We can enumerate modern data needs which are as follows:

  • Scalable infrastructure: Companies, every time, have to weigh the time and money spent. Scalability in a data center means the center should grow in proportion to the business growth. Vertical scalability involves adding more layers of processing. Horizontal scalability means that once a layer has more demands and requires more infrastructures, hardware can be added so that processing needs are met. One modern requirement is to have horizontal scaling with low-cost hardware.
  • Geographically dispersed data centers: Geographically centralized data centers are being displaced. This is because companies need to have multiple data centers in multiple locations for several reasons: cost, ease of administration, or access to users. This implies a huge challenge for data center management. On the other hand, data center unification is a complex task.
  • Allow data volumes to be scaled as the business needs: The volume of data must scale dynamically according to business demands. So, as you can have a lot of demand at a certain time of day, you can have high demand in certain geographic regions. Scaling should be dynamically possible in time and space especially horizontally.
  • Faster processing: Today, being able to work in real time is fundamental. We live in an age where data freshness matters many times more than the amount or size of data. If the data is not processed fast enough, it becomes stale quickly. Fresh information not only needs to be obtained in a fast way, it has to be processed quickly.

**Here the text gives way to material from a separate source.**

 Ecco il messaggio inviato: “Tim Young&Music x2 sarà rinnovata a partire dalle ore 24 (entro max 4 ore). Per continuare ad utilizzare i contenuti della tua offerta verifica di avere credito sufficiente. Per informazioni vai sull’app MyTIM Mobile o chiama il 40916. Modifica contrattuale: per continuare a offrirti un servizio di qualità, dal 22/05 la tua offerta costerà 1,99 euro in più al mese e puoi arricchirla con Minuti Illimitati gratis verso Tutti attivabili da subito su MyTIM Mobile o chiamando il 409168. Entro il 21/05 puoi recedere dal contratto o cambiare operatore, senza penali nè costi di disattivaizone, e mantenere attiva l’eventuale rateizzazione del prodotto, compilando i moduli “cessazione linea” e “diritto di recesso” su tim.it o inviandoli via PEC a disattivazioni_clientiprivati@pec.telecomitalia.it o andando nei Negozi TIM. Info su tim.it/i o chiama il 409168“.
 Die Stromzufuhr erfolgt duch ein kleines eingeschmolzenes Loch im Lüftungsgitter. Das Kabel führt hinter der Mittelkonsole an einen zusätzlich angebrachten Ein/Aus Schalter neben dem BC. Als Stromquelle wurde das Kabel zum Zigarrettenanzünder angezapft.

  • Complex processing: In the past, the data was smaller and simpler. Raw data doesn't help us much. The information must be processed by several layers, efficiently. The first layers are usually purely technical and the last layers mainly business-oriented. Processing complexity can kill of the best business ideas.

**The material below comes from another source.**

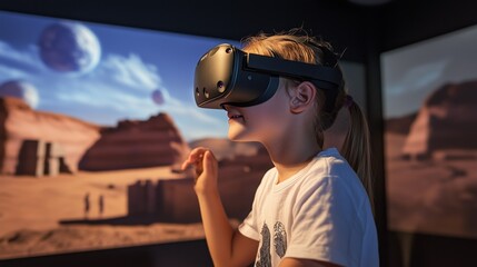 Students exploring ancient civilizations or distant planets through virtual reality.

  • Constant data flow: For cost reasons, the number of data warehouses is decreasing. The era when data warehouses served just to store data is dying. Today, no one can afford data warehouses just to store information. Today, data warehouses are becoming very expensive and meaningless. The better business trend is towards flows or streams of data. Data no longer stagnates, it moves like large rivers. Make data analysis on big information torrents one of the objectives of modern businesses.
  • Visible, reproducible analysis: If we cannot reproduce phenomena, we cannot call ourselves scientists. Modern science data requires making reports and graphs in real time to take timely decisions. The aim of science data is to make effective predictions based on observation. The process should be visible and reproducible.